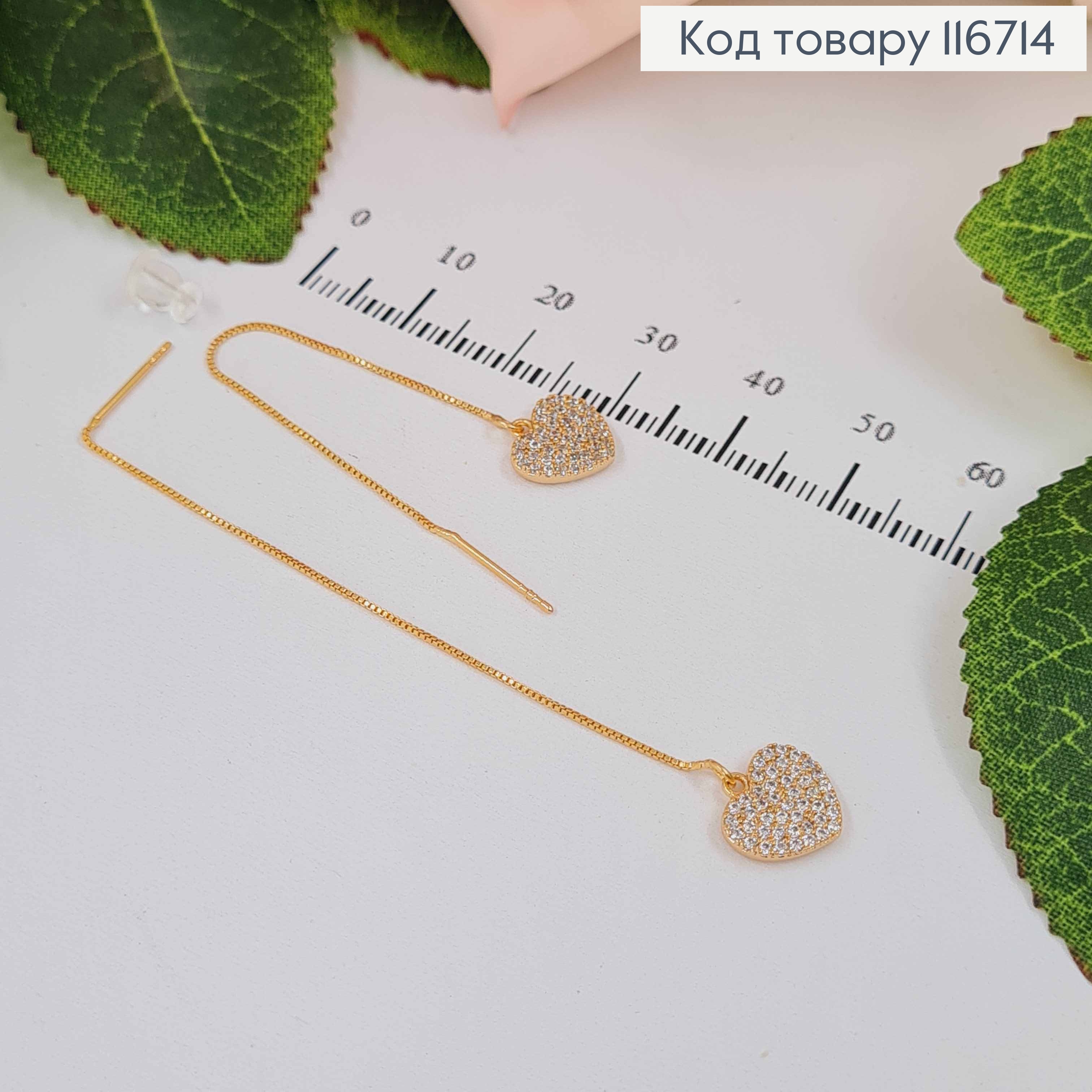 Серьги протяжки, с пластинкой сердечком, в камнях, 7см, Xuping 18K
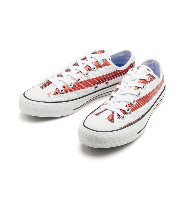 【送料無料】 CONVERSE(コンバース)の2017SPRING&SUMMERコレクションアイテム。オールスター生誕100周年記念モデル「ALL STAR 100」のアレンジモデルの登場。アメリカ国旗がモチーフのオールスター。ストライプ柄のスパンコールを全面に採用。「ALL STAR 100」共通スペック(OXカット)・クッション性が向上した新しいインソール「REACT」を採用・防滑性を向上させた新アウトソール「トラクションソール(TRACTIONSOLE)」採用・メモリーフォームでホールド感を向上させたタンを採用・ロゴのすり減り軽減コーティングを施したオリジナルヒールラベルを採用・撥水加工シューレースとコーティングハトメで黒ずみ軽減・フォーム内蔵のメッシュライニングには消臭抗菌加工を採用・オリジナルタグ、カートン付属コーディネートのポイントになるコンバースらしいポップな一足です。 エービーシー・マート/ABCマート CONVERSE|シューズ|スニーカー
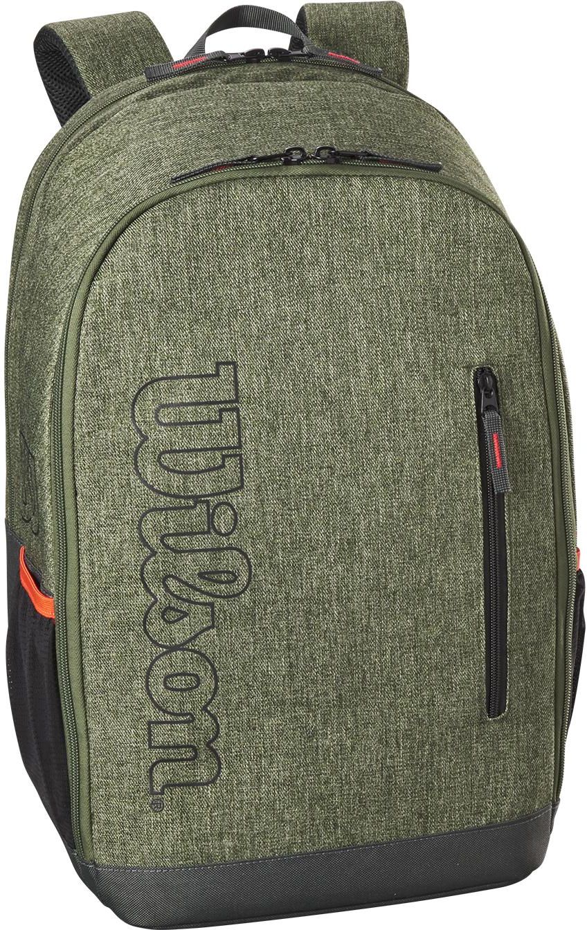 Wilson Team Backpack - lekki plecak sportowy przeznaczony dla osób szukających funkcjonalnego plecaka na korty, siłownię, fitness a nawet do szkoły. Plecak wyposażony w osobną przegrodę na rakietę. Komora główna zmieści najbardziej potrzebne na korcie rzeczy: strój, obuwie, piłki. W jej wnętrzu znajduje się kieszń z zamkiem np. na portfel. Komora chroniona solidnym dwukierunkowym suwakiem. Przegroda na rakietę umiejscowiona jest z tyłu pomiędzy komorą główną, a 'plecami' plecaka i zamykana jest solidnym dwukierunkowym zamkiem. Dodatkowo plecak posiada przednią kieszonkę z suwakiem na rzeczy podręczne lub akcesoria oraz siateczkowe przegrody na bokach na bidon lub piszke piłek. System nośny to dwie solidne, regulowane szelki pokryte od wewnątrz siateczką zwiększającą cyrkulacji powietrza. Plecak możemy przenieść również w dłoni za pomocą uchwytu. Wymiary: 46 x 30 x 21 cm, Kolor: heather green(za producentem), Materiał: poliester,
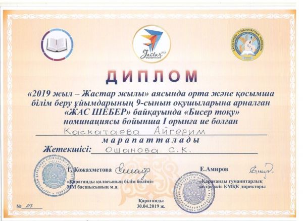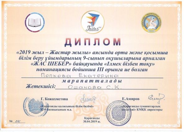 Поздравляем Попкову Екатерину за занятое ІІІ место в номинации "вязание крючком" в конкурсе "Юный мастер", подготовленном карагандинским гуманитарным колледже, Каскатаеву Айгерим…
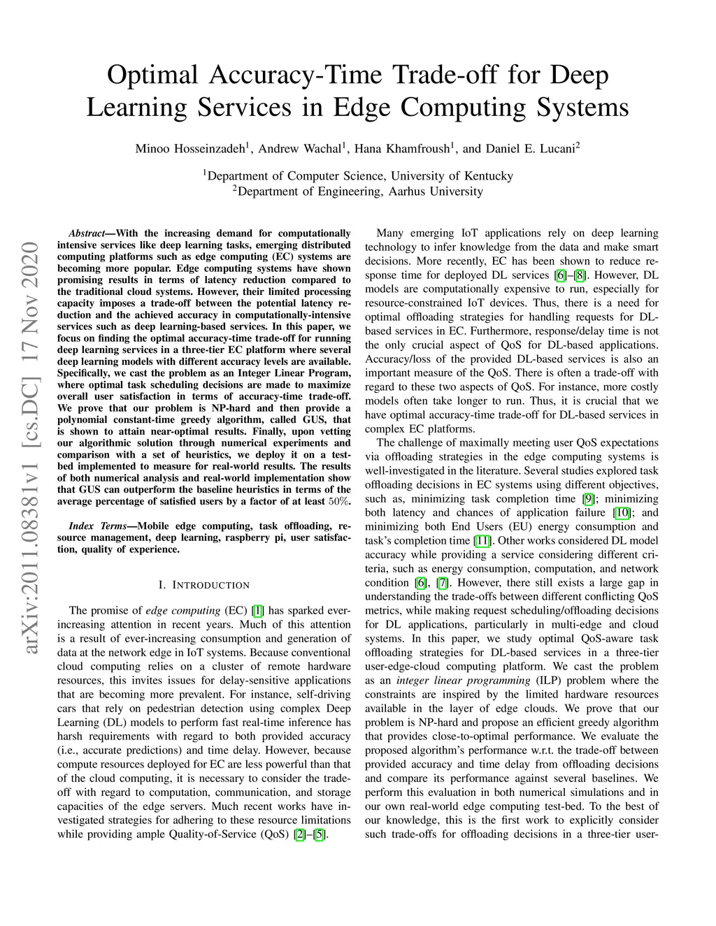 With the increasing demand for computationally intensive services like deep learning tasks, emerging distributed computing platforms such as edge computing (EC) systems are becoming more popular. Edge computing systems have shown promising results in terms of latency reduction compared to the traditional cloud systems. However, their limited processing capacity imposes a trade-off between the potential latency reduction and the achieved accuracy in computationally-intensive services such as deep learning-based services. In this paper, we focus on finding the optimal accuracy-time trade-off for running deep learning services in a three-tier EC platform where several deep learning models with different accuracy levels are available. Specifically, we cast the problem as an Integer Linear Program, where optimal task scheduling decisions are made to maximize overall user satisfaction in terms of accuracy-time trade-off. We prove that our problem is NP-hard and then provide a polynomial constant-time greedy algorithm, called GUS, that is shown to attain near-optimal results. Finally, upon vetting our algorithmic solution through numerical experiments and comparison with a set of heuristics, we deploy it on a test-bed implemented to measure for real-world results. The results of both numerical analysis and real-world implementation show that GUS can outperform the baseline heuristics in terms of the average percentage of satisfied users by a factor of at least 50%.
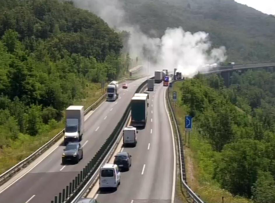 Goreče vozilo na vipavski hitri cesti
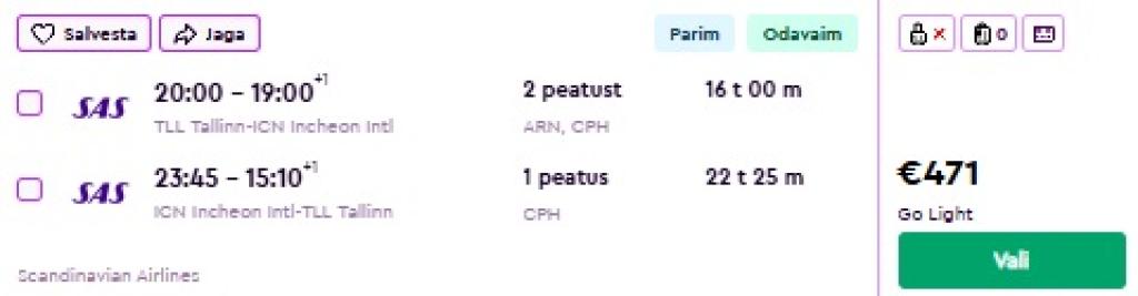 Scandinavian Airlines pakub hetkel väga hea hinnaga lennupileteid Lõuna-Koreasse. Edasi-tagasi lennupiletid Tallinnast Seouli on saadaval alates 471€ eest.
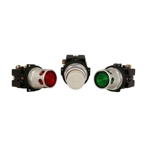 Eaton HT8GDCAT1 - Eaton's HT800 Series comprises a versatile family of 30.5 mm pushbutton devices, featuring momentary, illuminated, and mushroom head pushbuttons, selector switches, indicating lights, and push-pull switches. These devices boast a familiar appearance commonly found in industrial applications and can easily replace other manufacturers' 30.5 mm pushbutton devices. The HT800 devices come with numerous features, such as anodized aluminum mounting rings, watertight double V-gasket seals, extended height bulbs, transparent housing contact blocks, color-coded contact blocks, and gold-plated contacts (on low voltage contact block). The movable contact has a reliability ridge to prevent contamination buildup, and the screw-mounted contact blocks can be stacked. They offer versatile mounting options for contact blocks and field-convertible maintained selector switches. The series includes bright and long-lasting LED indicating lights in six colors, and the contact conditions are easily visible for inspection. The devices are corrosion-resistant with NEMA 4X finish and provide watertight and oiltight NEMA 4, 13 ingress protection. Furthermore, the selector switches are convertible and can be rotated in 22.5° increments to suit various panel layouts.
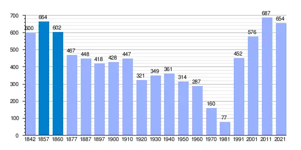 | Gráfica de evolución demográfica de Castellanos de Villiquera[11] entre 1842 y 2021 |
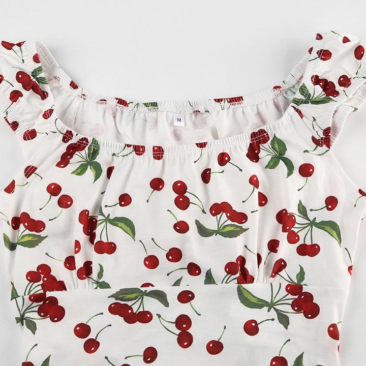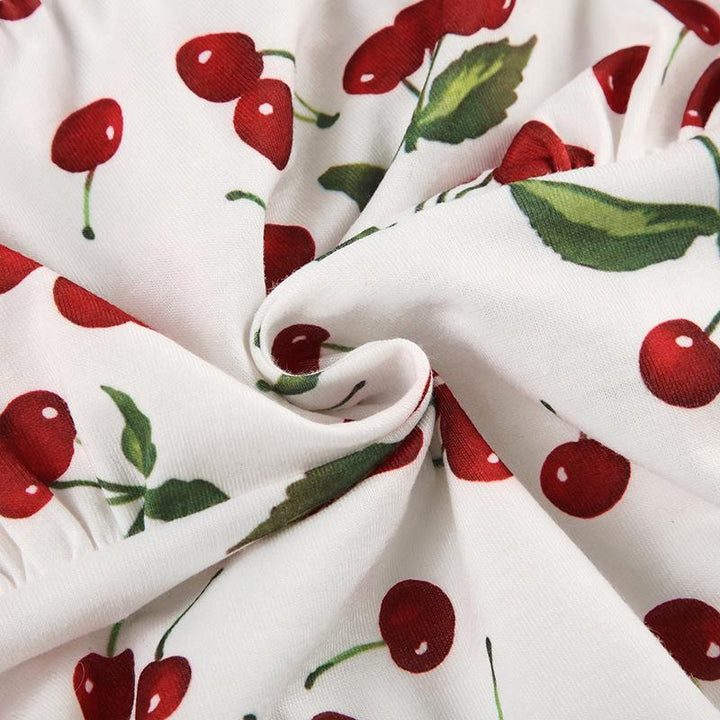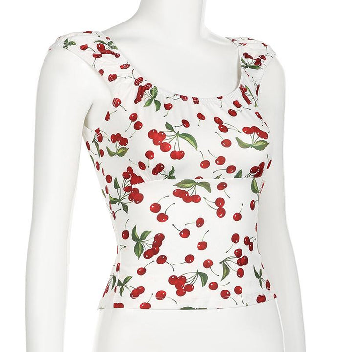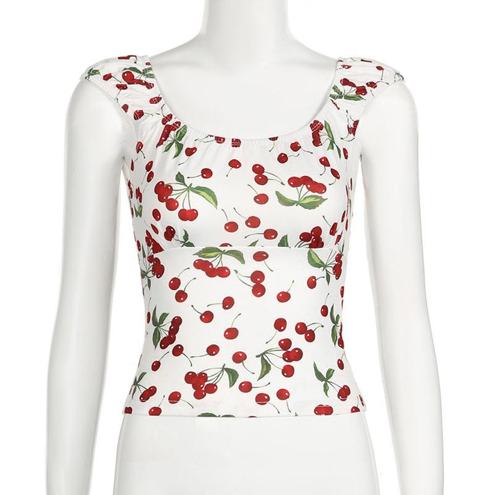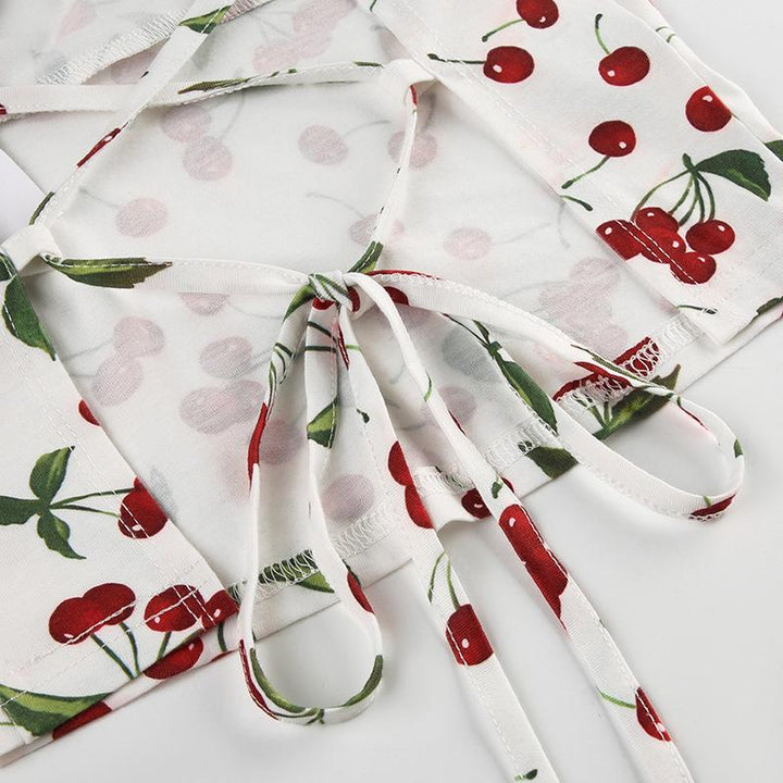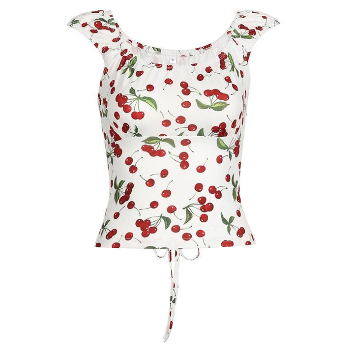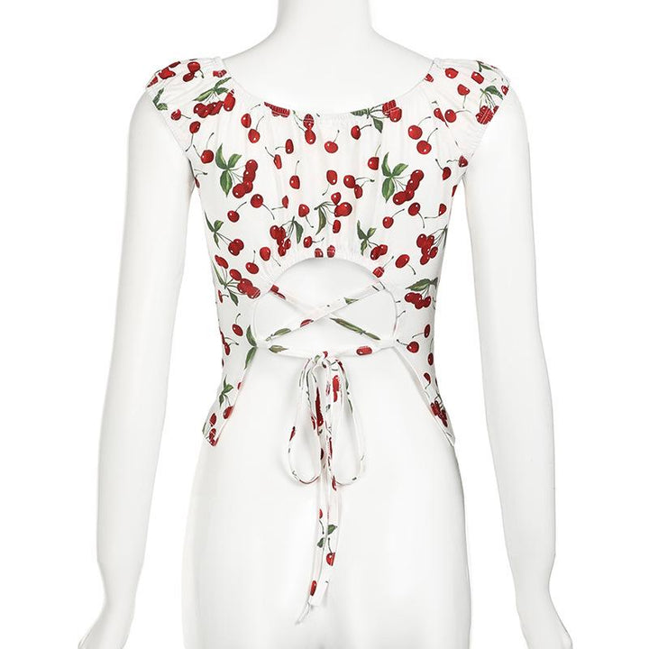 Haut à lacets et manches courtes à col en U avec imprimé cerises
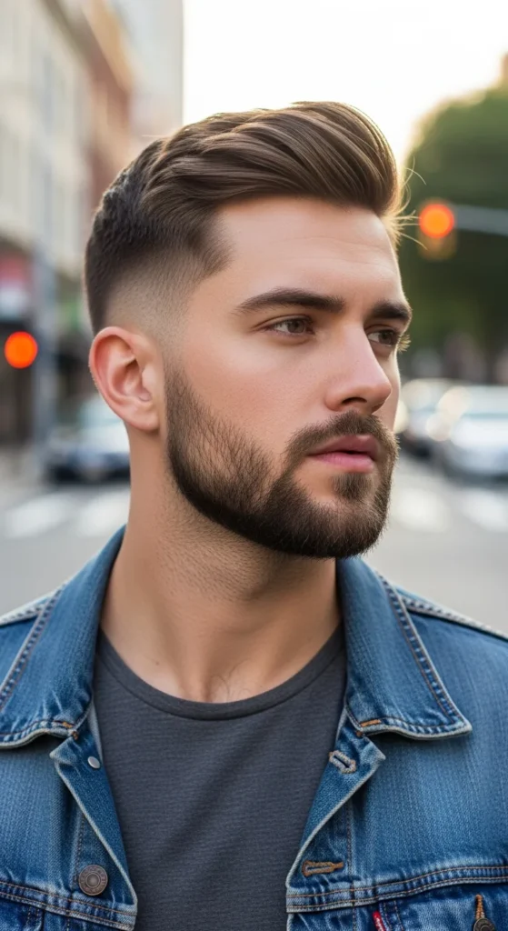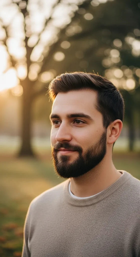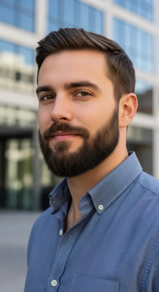 A short beard with slightly blended cheek lines rather than razor-sharp cuts. It feels natural yet tidy, perfect for guys who want clean without looking overly sculpted.
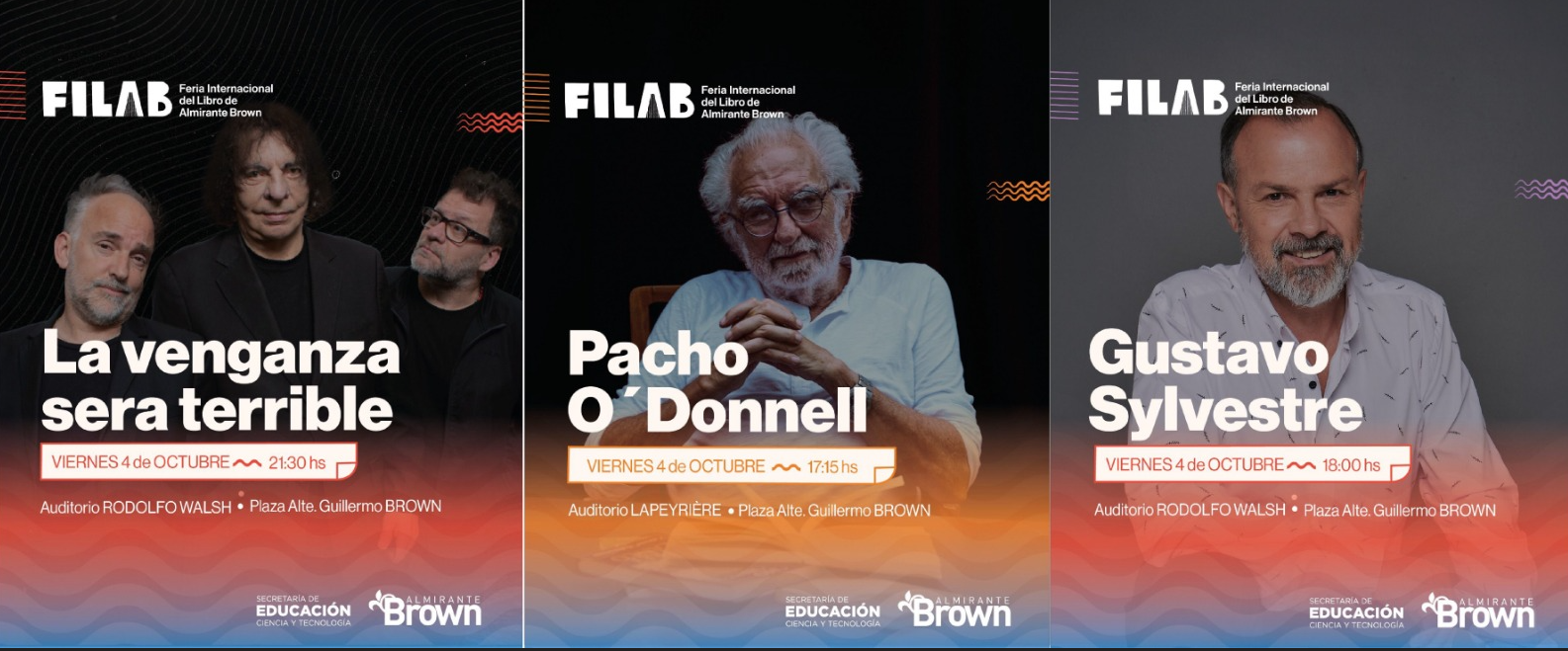 El Municipio de Almirante Brown destacó que este viernes, sábado y domingo la octava edición de la Feria Internacional del Libro browniana (FILAB) contará con charlas de primer nivel de la mano del periodista Reinaldo Sietecase, de Alejandro Dolina con «La Venganza será Terrible», Felipe Pigna, Florencia Canale, Tute, Mauro Szeta y Paulo Kablan, Alejandro Apo y el show de La Bomba del Tiempo, entre otras muchas atracciones.
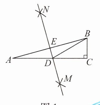 11. (1)(2024·阳江一模)如图 1,在 $ \text{Rt} \triangle ABC $ 中,$ \angle C = 90^{\circ} $,分别以点 $ A $,$ B $ 为圆心,大于 $ \frac{1}{2}AB $ 的长为半径作弧,两弧相交于点 $ M $,$ N $,连接 $ MN $ 分别与 $ AC $,$ AB $ 相交于点 $ D $,$ E $,连接 $ BD $. 若 $ \angle A = 15^{\circ} $,$ BD = 2 $,则 $ \triangle ADB $ 的面积为 ______.
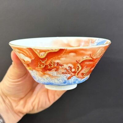 Chén sứ cảnh đức vẽ tay rồng men phấn thái cao cấp dùng làm ly trà chủ 160ml CS73
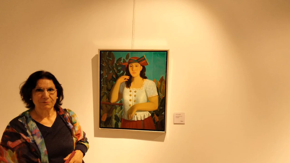 الفنانة العراقية عفيفة لعيبي مع إحدى لوحاتها في معرض محطات الغربة. - الشرق

== The problem ==
Beginning with the line that holds "Chén sứ cảnh" and ending with the last line of the material above, extract every line exactly, pictures excluded.

== Exercise output ==
 Chén sứ cảnh đức vẽ tay rồng men phấn thái cao cấp dùng làm ly trà chủ 160ml CS73
 الفنانة العراقية عفيفة لعيبي مع إحدى لوحاتها في معرض محطات الغربة. - الشرق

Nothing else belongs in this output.